La Tshopo a lancé une campagne de vaccination contre la poliomyélite visant plus de 924 000 enfants de moins de cinq ans. Les équipes doivent passer de porte en porte du 3 au 5 septembre dans 23 zones de santé. Le résultat final ne pourra être établi qu’après la consolidation des données.
Trois jours pour atteindre toute la province
L’opération a été lancée à Kisangani par le gouverneur Paulin Lendongolia. Plus de 1 200 relais communautaires et vaccinateurs sont mobilisés pour aller vers les familles, plutôt que d’attendre leur venue dans les structures de santé. Chaque enfant ciblé doit recevoir quatre gouttes de vaccin.
La tranche d’âge retenue va de la naissance à 59 mois. Elle rassemble les enfants les plus jeunes, dont la protection collective dépend d’une couverture très élevée. L’objectif annoncé est d’atteindre au moins 95 % de la cible dans chacune des 23 zones de santé, et pas seulement de produire un bon total provincial.
Cette nuance est essentielle. Une moyenne élevée peut cacher des poches où trop d’enfants ont été manqués. Or la circulation du poliovirus trouve précisément un terrain dans ces zones de faible couverture. Les responsables doivent donc regarder les résultats aire de santé par aire de santé, puis organiser un rattrapage là où les équipes n’ont pas rencontré toutes les familles.
Le porte-à-porte rapproche le vaccin des enfants
La stratégie choisie répond à plusieurs obstacles. Certains parents vivent loin d’un centre, d’autres ne peuvent pas quitter leur travail ou ignorent les dates de campagne. Le passage à domicile réduit ces barrières et permet de vérifier directement la présence des enfants concernés.
Il exige en retour une bonne identification des vaccinateurs. Les ménages doivent savoir qui frappe à leur porte, quel vaccin est administré et comment signaler un problème. Les relais communautaires jouent ici un rôle de confiance, notamment lorsqu’ils connaissent le quartier, la langue et les inquiétudes des parents.
Le représentant provincial de l’Organisation mondiale de la Santé a appelé les familles à accueillir les équipes. Il a indiqué que les quatre gouttes doivent renforcer la protection contre trois types de poliovirus. Le vaccin oral est utilisé parce qu’il peut être administré rapidement à un grand nombre d’enfants et contribue à l’immunité de la communauté.
Une campagne menée dans un contexte sanitaire chargé
La Tshopo ne travaille pas sur la polio dans un vide sanitaire. Les services restent vigilants face à la maladie à virus Ebola et conduisent aussi des activités contre la rougeole et la rubéole. Pendant cette campagne, un rattrapage de ces deux vaccinations est prévu pour les enfants identifiés comme ayant besoin d’une dose.
La coexistence de plusieurs urgences peut fatiguer les équipes et brouiller les messages. Elle peut aussi devenir une occasion utile si chaque visite permet de vérifier le carnet vaccinal, d’orienter une famille et de rappeler les signes qui nécessitent une consultation. Cette approche doit rester claire pour éviter qu’un parent confonde les vaccins ou pense qu’une seule dose protège contre toutes les maladies.
Des consignes de respect des gestes barrières accompagnent le déploiement en raison de la vigilance autour d’Ebola. Leur application est importante pour protéger les familles et les agents. Elle ne doit pas ralentir au point d’empêcher les équipes d’atteindre les localités prévues, ce qui suppose du matériel, un encadrement et une logistique adaptés.
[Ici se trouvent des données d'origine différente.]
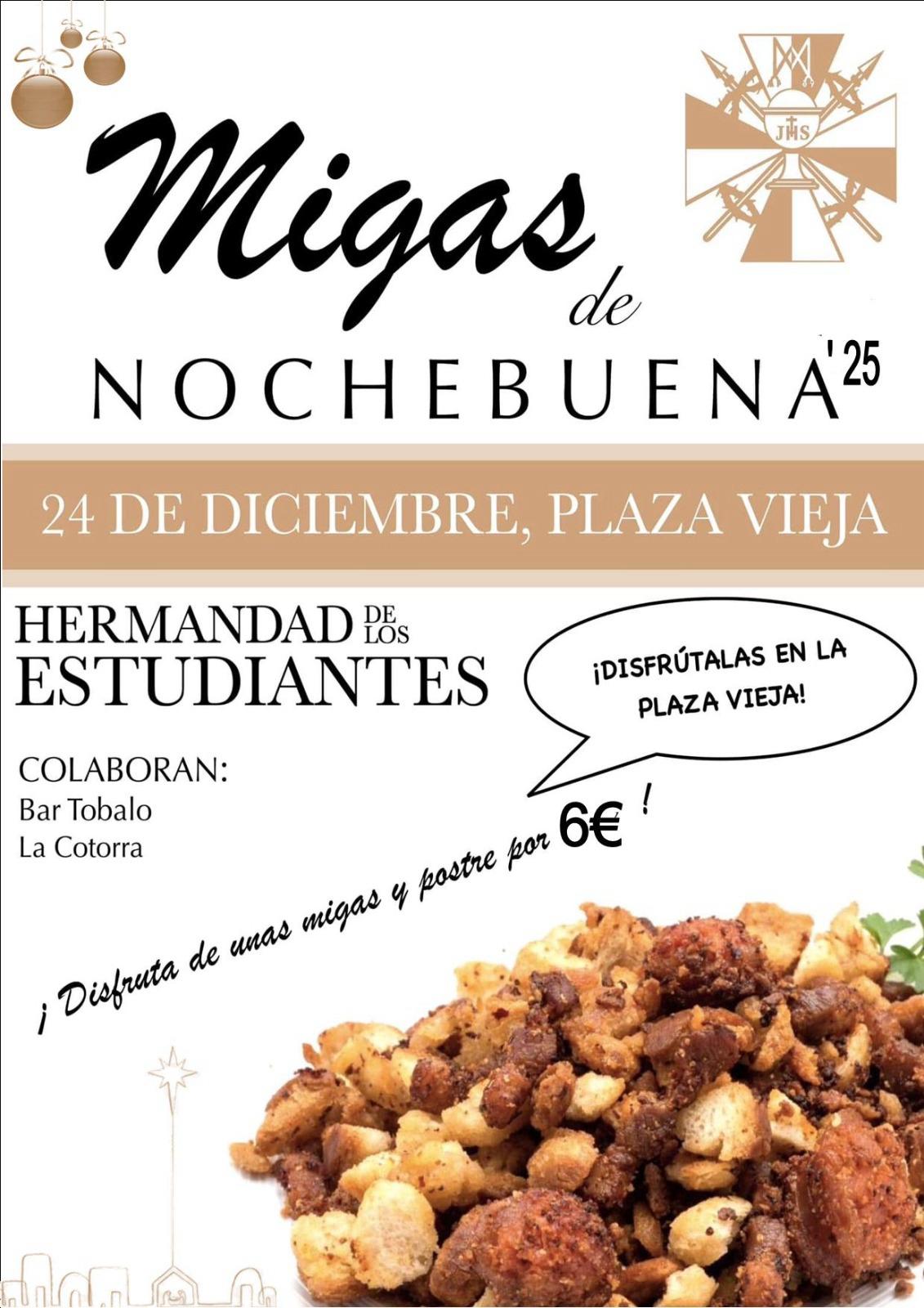 El próximo 24 de diciembre, desde primera hora, os esperamos en la Plaza Vieja para compartir un rato de convivencia, sabor y hermandad alrededor de unas buenas migas, preparadas con el cariño de siempre y pensadas para disfrutar en comunidad.

Les enfants manqués seront le vrai test
Le chiffre de 924 000 est une cible, pas un bilan. Au terme des trois jours, les autorités devront publier le nombre de doses administrées, la couverture par zone et le nombre d’enfants absents, refusés ou inaccessibles. Il faudra aussi expliquer comment les données ont été contrôlées afin d’éviter de compter deux fois un même enfant.
La campagne gagnera en crédibilité si les raisons des refus sont documentées. Une rumeur, une peur d’effet indésirable ou une mauvaise expérience avec un service de santé ne se traite pas de la même manière qu’une absence temporaire. Une réponse ciblée permet de préparer le rattrapage et les prochaines opérations.
Les équipes doivent poursuivre leur travail jusqu’au samedi 5 septembre selon le calendrier annoncé. Tant que les feuilles de passage n’ont pas été vérifiées, personne ne peut affirmer que l’objectif de 95 % est atteint. Le succès ne se résumera pas au lancement à Kisangani, mais à la capacité de retrouver les derniers enfants dans chacune des 23 zones de santé.